Will $500 per sale get you where you need to be? Or do you need to be bringing in $5,000 per sale? The point is this:
If you are not priced effectively to make a profit in your business, then each session that you photograph can end up costing you money in the long run.
What if I told you that your $750 sale from last week made you $2.75 per hour that you spent on that client from start to finish when you take into account everything involved? It’s pretty sobering to think that many photographers are not even priced to make minimum wage. So many people see ‘cash flow’ as profit, and seeing $750 come in all at once can make you think you’ve hit the jackpot. But unless you are accounting for your time, your expenses (general, fixed, overhead, etc), insurance costs, and much more, you may continue to find yourself living ‘paycheck to paycheck’ (or ‘client to client’) and struggling to make ends meet.
Cost-Based Pricing vs. Value-Based Pricing
When deciding how to price your products and services there are generally two approaches that you can take. You can choose to base your prices on cost alone (cost-based pricing) or you can choose to base your prices on the value that your products and services provide (value-based pricing).
Cost-based pricing ensures only that you cover your costs and make a profit. While this is always a good starting point for any business, it doesn’t account for the value that your services provide or anything else outside of actual costs incurred (in a perfect scenario).
Using cost-based pricing alone to determine the prices in your business can potentially result in the following issues:
- Being treated as a commodity in your market (anyone can provide what you do)

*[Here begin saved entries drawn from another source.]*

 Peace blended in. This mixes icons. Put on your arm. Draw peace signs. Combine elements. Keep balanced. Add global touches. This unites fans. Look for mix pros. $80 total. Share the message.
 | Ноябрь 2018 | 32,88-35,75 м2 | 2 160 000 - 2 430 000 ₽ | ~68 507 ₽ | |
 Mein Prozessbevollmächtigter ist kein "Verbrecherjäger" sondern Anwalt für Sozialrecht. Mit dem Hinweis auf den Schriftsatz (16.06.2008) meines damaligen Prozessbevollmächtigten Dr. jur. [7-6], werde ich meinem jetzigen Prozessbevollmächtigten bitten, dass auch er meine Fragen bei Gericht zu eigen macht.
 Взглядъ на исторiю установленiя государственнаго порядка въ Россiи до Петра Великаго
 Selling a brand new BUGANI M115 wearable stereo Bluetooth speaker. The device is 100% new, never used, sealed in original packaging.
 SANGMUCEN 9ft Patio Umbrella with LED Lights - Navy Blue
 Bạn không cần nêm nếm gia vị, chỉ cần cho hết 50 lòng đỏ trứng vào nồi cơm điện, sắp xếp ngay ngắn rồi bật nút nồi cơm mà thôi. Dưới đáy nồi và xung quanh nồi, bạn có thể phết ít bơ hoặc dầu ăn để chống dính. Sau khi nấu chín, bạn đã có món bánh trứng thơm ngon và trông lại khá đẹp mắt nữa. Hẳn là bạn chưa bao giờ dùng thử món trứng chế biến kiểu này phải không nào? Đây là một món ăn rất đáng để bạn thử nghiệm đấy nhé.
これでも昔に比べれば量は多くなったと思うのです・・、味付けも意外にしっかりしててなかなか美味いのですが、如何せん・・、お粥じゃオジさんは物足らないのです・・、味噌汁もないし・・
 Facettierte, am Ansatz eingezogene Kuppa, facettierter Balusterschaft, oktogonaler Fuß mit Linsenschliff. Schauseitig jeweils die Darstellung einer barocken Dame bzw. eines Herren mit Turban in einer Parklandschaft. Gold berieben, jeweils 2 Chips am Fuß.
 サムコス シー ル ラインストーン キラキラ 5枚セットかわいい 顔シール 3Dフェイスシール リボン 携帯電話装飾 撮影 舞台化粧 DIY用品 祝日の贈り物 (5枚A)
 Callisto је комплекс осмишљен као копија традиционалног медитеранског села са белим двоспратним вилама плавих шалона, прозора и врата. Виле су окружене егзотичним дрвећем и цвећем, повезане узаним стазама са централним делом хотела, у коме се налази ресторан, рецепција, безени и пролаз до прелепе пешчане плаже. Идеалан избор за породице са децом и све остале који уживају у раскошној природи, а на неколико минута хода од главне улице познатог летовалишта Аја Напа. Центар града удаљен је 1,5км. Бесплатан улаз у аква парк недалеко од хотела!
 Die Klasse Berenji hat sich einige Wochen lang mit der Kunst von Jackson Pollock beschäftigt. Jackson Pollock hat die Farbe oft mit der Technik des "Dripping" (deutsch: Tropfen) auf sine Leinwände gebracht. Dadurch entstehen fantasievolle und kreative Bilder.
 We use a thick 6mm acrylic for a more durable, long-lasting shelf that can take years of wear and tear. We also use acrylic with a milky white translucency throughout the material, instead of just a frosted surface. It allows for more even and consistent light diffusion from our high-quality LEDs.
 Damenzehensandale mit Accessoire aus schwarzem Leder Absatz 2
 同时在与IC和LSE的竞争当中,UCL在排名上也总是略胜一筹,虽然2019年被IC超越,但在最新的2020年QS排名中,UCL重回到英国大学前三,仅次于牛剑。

- Price comparisons from potential clients
- Being unable to go ‘above and beyond’ for your clients without dipping into your profits
- Lacking the ability to correct order issues (which arise from time to time) because of the costs involved (that you hadn’t accounted for)
- And more…
However, by accounting for the value that you provide you are able to charge a premium for your products and services. This includes the value of you as an artist (as no one else on earth can provide exactly you behind the camera), as well as the value of the personalized services that you provide to your client, including (but not limited to):
- Consultations that create a personal relationship and ensure that you understand your client’s needs
- A session experience that builds confidence, creates memories, and makes your client feel special and amazing in a way they never anticipated
- Guidance in creating products that show them the best way to display their images (they hired you for your expertise)
- Help in designing books that tell a story, rather than simply grouping random images together
- A 100% satisfaction guarantee on all of your products
- And much more…
Value-based pricing ensures that if a client needs something reprinted that you can do so with pleasure at no charge, without nickel and diming them because you cannot afford the replacement cost of the product. It also allows you the ability to go above and beyond for your clients without fear of ‘losing money’ or wondering if you have enough money in your business checking account to cover the costs.
When you base your prices on value (rather than cost) you are able to work with your client during the sales appointment to better meet their needs. It gives you the flexibility to ‘give’ them more as they spend more, creating value for the personalization and customization you offer during the ordering process.
For example, based on costs alone and using a 4x markup for materials and time, a gift print (which is anything 10” and smaller) might be priced at somewhere between $30 and $50. However, you are not selling the paper (or materials) the images are printed on. The value of your time, your services, your artistic vision and skill, and your brand must be accounted for in that price in order to create higher value for more profitable products (and increase your sales).
By placing a higher ‘value’ for your a la carte gift prints you create more value for your collections and higher priced products. Your goal is never to sell just small prints. So they must be priced for you to make a profit for the time and costs involved when purchased a la carte in order to guide your clients towards investing in the best products for displaying their images. However, as their investment increases, the price drops on small prints. They are included in collections to create value for the collections (a better investment decision) and can be sold in sets for a lower price after the purchase of a collection as well (for example).
Also, the ‘value’ of any print 10” and smaller is the same as far as costs and usage goes. Your materials costs differ only in cents from one size to another, but your time involved in creating the final image and product is the same. On the client side, small prints are best displayed in exactly the same way no matter the size: framed and placed on a small table or shelf.
So when you are determining the prices for your products and services remember, they are paying for the value of you, along with what you do and the services that you offer. And this must be incorporated into your pricing in order to get higher sales in your business and ensure long-term profitability.